Sunday, February 14, 2010

Greek actors/actresses

Christopher Nicholas Sarantakos (born December 19, 1967), better known by his stage name Criss Angel, is aGreek American  musician, and stunt performer. He is best known for starring in his own television show, Criss Angel Mindfreak.
Jennifer Joanna Aniston (born February 11, 1969) is a Greek American actress. She established her acting career in the 1990s with her role as Rachel Green in the U.S. sitcom Friends, a role for which she won an Emmy Award, a Golden Globe Award, and a Screen Actors Guild Award.
She has starred in Hollywood films. While most of her film roles have been in comedies such as Bruce Almighty, Office Space, Rumor Has It, and the romantic comedies Along Came Polly and The Break-Up, she has also appeared in films from other genres such as the horror-comedy Leprechaun, the crime thriller Derailed and the musical drama Rock Star.
Michael Charles Chiklis (born August 30, 1963) is a Greek American actor, voice actor, occasional director and television producer. He is known for starring in the TV series The Commish (1991–1996) and The Shield (2002–2008) as well as for his role as The Thing in the Fantastic Four film series.
Elizabeth Stamatina "Tina" Fey (born May 18, 1970) is a Greek American actress, comedienne, writer, and producer. She has received seven Emmy Awards, three Golden Globe Awards, four Screen Actors Guild Awards, and four Writers Guild of America Awards. She was singled out as the performer who had the greatest impact on culture and entertainment in 2008 by the Associated Press, who gave her their AP Entertainer of the Year award.
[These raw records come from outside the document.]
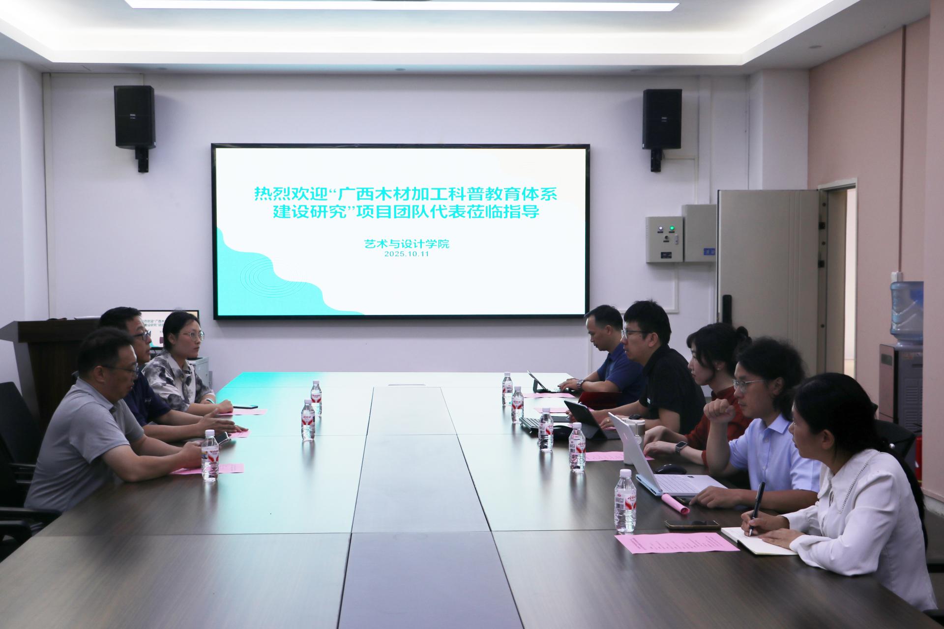 2025年10月11日上午,广西林科院森林旅游与康养研究所所长唐庆、《广西林业》杂志副主编蒋林林、广西林科院刘廷婷一行访问南宁学院艺术与设计学院,围绕“广西木材加工科普教育体系建设研究”课题开展深度调研。
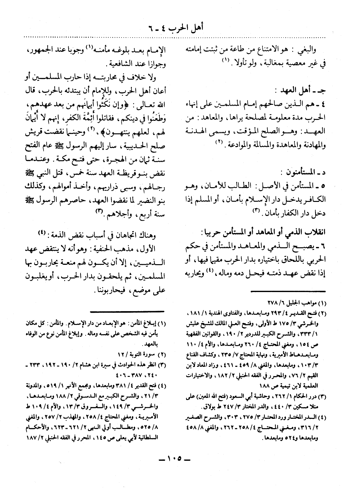 6 - يُصْبِحُ الذِّمِّيُّ وَالْمُعَاهَدُ وَالْمُسْتَأْمَنُ فِي حُكْمِ الْحَرْبِيِّ بِاللَّحَاقِ بِاخْتِيَارِهِ بِدَارِ الْحَرْبِ مُقِيمًا فِيهَا، أَوْ إِذَا نَقَضَ عَهْدَ ذِمَّتِهِ فَيَحِل دَمُهُ وَمَالُهُ (4) ، وَيُحَارِبُهُ
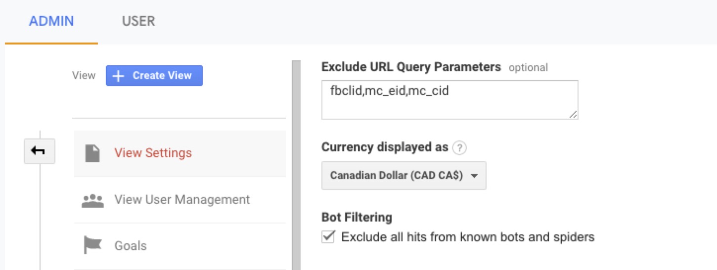 To fix the issue, log into Google Analytics and edit the View Settings in Admin. Add the mc_cid and mc_eid parameters in the “Exclude Query Parameter” box, and also include the Facebook tracking parameter (comma separated). It will look like this:
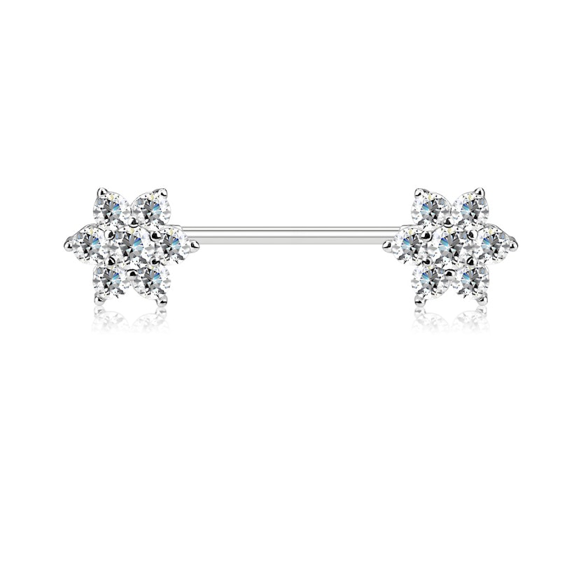 Superfin og elegnt brystpiercing med den fineste glimtende blomst på begge sider av staven.
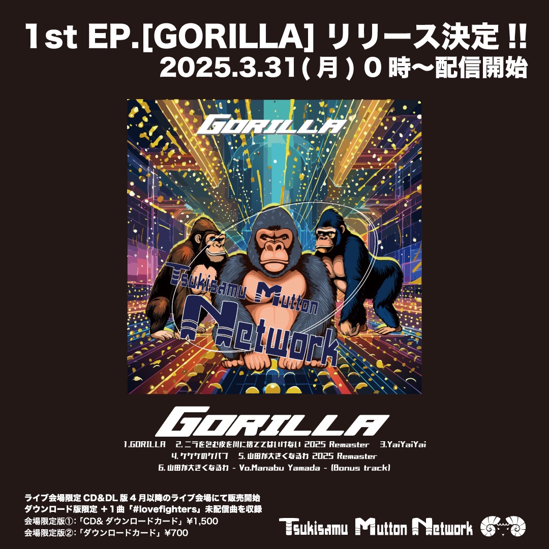 ▶︎2025.3.31 1st EP「GORILLA」0時より配信&会場限定CD&DLカード発売決定! ▶︎2025.3.10 ライブ情報更新!

After graduating from the University of Virginia in 1992, Fey moved to Chicago to take classes at the improvisational comedy group The Second City, where she became a featured player in 1994. Three years later, Fey became a writer for the sketch comedy show Saturday Night Live (SNL). She was promoted to the position of head writer in 1999. The following year, Fey was added to the cast of SNL. During her time there, she was co-anchor of the show's Weekend Update segment. After leaving SNL in 2006, she created her own television series called 30 Rock, a situation comedy loosely based on her experiences at SNL. In the series, Fey portrays the head writer of a fictional sketch comedy series.
In 2004, Fey made her film debut as writer and co-star of the teen comedy Mean Girls. In 2008, she starred in the comedy film Baby Mama, alongside Amy Poehler. In 2009, Fey won an Emmy Award for her satirical portrayal of Republican vice presidential candidate Sarah Palin in a guest appearance on SNL.
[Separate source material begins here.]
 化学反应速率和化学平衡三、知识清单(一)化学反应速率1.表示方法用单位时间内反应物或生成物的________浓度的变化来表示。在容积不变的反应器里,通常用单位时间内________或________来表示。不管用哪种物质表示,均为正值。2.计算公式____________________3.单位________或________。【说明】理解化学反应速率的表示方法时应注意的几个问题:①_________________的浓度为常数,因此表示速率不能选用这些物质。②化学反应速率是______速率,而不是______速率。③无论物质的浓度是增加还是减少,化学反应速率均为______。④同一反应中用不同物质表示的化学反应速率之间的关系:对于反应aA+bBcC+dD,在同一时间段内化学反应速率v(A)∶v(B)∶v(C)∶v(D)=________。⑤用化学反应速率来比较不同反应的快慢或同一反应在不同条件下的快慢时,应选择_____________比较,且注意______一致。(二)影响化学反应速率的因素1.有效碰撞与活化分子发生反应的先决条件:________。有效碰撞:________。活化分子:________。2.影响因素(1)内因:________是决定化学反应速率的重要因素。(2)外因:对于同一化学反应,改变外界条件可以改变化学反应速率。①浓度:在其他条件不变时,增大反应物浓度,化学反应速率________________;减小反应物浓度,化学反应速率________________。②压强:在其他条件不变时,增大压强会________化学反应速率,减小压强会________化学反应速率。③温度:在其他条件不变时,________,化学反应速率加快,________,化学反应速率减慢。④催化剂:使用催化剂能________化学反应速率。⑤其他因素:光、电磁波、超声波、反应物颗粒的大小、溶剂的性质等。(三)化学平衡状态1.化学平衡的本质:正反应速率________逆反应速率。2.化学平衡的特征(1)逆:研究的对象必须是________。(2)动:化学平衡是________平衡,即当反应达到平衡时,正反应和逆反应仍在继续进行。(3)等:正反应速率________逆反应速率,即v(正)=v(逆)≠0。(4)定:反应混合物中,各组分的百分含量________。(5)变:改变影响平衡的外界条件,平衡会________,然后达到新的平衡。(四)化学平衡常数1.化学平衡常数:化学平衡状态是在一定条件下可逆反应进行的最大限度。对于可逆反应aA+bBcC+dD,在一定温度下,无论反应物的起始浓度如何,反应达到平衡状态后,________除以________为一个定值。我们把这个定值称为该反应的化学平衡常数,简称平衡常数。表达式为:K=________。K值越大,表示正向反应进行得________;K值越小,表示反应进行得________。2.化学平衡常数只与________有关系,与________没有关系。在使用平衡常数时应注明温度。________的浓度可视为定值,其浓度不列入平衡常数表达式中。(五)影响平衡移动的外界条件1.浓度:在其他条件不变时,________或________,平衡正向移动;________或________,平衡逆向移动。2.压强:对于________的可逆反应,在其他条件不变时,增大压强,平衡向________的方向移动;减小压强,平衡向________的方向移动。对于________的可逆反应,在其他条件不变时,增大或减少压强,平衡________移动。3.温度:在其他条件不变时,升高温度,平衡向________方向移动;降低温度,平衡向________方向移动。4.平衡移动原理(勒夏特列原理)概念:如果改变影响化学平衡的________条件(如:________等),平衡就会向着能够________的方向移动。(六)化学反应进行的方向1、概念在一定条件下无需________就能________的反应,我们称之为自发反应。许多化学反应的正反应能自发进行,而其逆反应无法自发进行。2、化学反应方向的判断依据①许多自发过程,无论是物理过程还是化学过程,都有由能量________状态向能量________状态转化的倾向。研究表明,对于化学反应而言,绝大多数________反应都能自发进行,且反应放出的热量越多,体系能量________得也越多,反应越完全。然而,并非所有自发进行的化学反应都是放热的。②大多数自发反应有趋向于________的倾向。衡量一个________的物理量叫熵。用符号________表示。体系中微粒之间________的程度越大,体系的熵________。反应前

Maria Menounos (Greek: Μαρία Μενούνος; born June 8, 1978) is an American actress, journalist, and television presenter known at home for her appearances as a correspondent for The Today Show and Access Hollywood, and abroad for co-hosting the Eurovision Song Contest 2006 in Athens, Greece.
Aristotelis “Telly” Savalas (January 21, 1924 – January 22, 1994) was a Greek American film and television actor and singer, whose career spanned four decades. Best known for playing the title role in the 1970s crime drama Kojak, Savalas was nominated for an Academy Award for Best Supporting Actor for his performance in Birdman of Alcatraz (1962). His other movie credits include The Young Savages (1961), The Greatest Story Ever Told (1965), Battle of the Bulge (1965), The Dirty Dozen (1967), The Scalphunters (1968), supervillain Ernst Stavro Blofeld in the James Bond film On Her Majesty's Secret Service (1969), Kelly's Heroes (1970), Pretty Maids All in a Row (1971), Inside Out (1975) and Escape to Athena (1979). He was easily recognizable with his shaved head and strong, masculine features.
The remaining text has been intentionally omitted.